Tim Burton is still pretty bummed about his scrapped Superman
25 years later, Tim Burton says cancelation of Superman Lives is "one of those experiences that never leaves you"
Before there was The Snyder Cut, there was perhaps no more infamous scrapped comic book project than Superman Lives. Tim Burton signed on to direct from a script originally written by comic superfan Kevin Smith, with another big comic fan, Nicolas Cage, playing the Man of Steel. Lots of time and money was put into the pre-production of the film, which was ultimately canceled by Warner Bros. in 1998. The film now exists only as superhero lore—and has haunted Burton ever since.
“No, I don’t have regrets,” Burton says about Superman Lives in a new BFI interview. “I will say this: when you work that long on a project and it doesn’t happen, it affects you for the rest of your life. Because you get passionate about things, and each thing is an unknown journey, and it wasn’t there yet. But it’s one of those experiences that never leaves you, a little bit.”

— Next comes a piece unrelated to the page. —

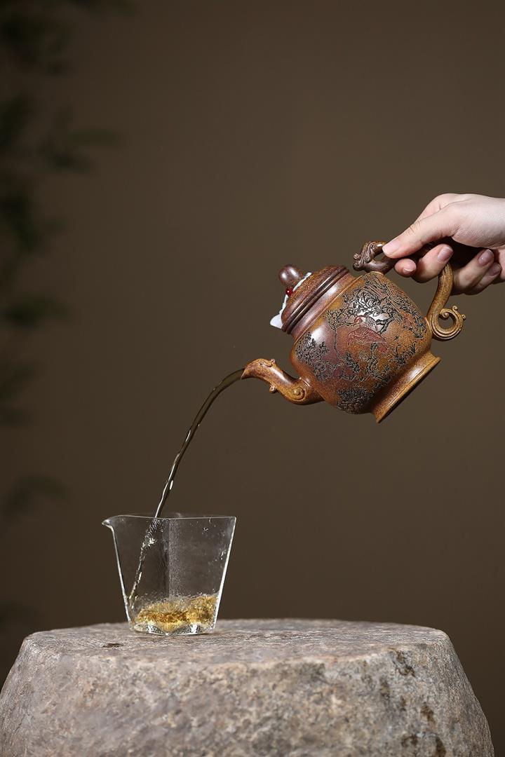 【作品介紹】此款壺形線條流暢,壺把,壺嘴,壺身壹氣呵成栩栩如生,是收藏把玩的好壺,泥料色澤古樸典雅,日久使用,漸露鋒芒,養成變化快,溫潤莊重,用其泡茶,使用的年代久,壺身就溫潤,泡出來的茶湯也就醇郁芳馨。

Superman Lives had a (very brief) moment in the sun earlier this year when Cage had a cameo in the controversial Flash film. Finally getting to do his version gave Cage “the feeling of being actualized,” the actor previously shared. “Even that look for that particular character, finally seeing it on screen, was satisfying. But as I said, it’s quick.”
It doesn’t sound like Burton (who thinks he was booted off the Batman films because he “upset McDonald’s or something”) found the sequence quite as validating. “But also it goes into another AI thing, and this is why I think I’m over it with the studio,” he tells BFI. “They can take what you did, Batman or whatever, and culturally misappropriate it, or whatever you want to call it. Even though you’re a slave of Disney or Warner Brothers, they can do whatever they want. So in my latter years of life, I’m in quiet revolt against all this.”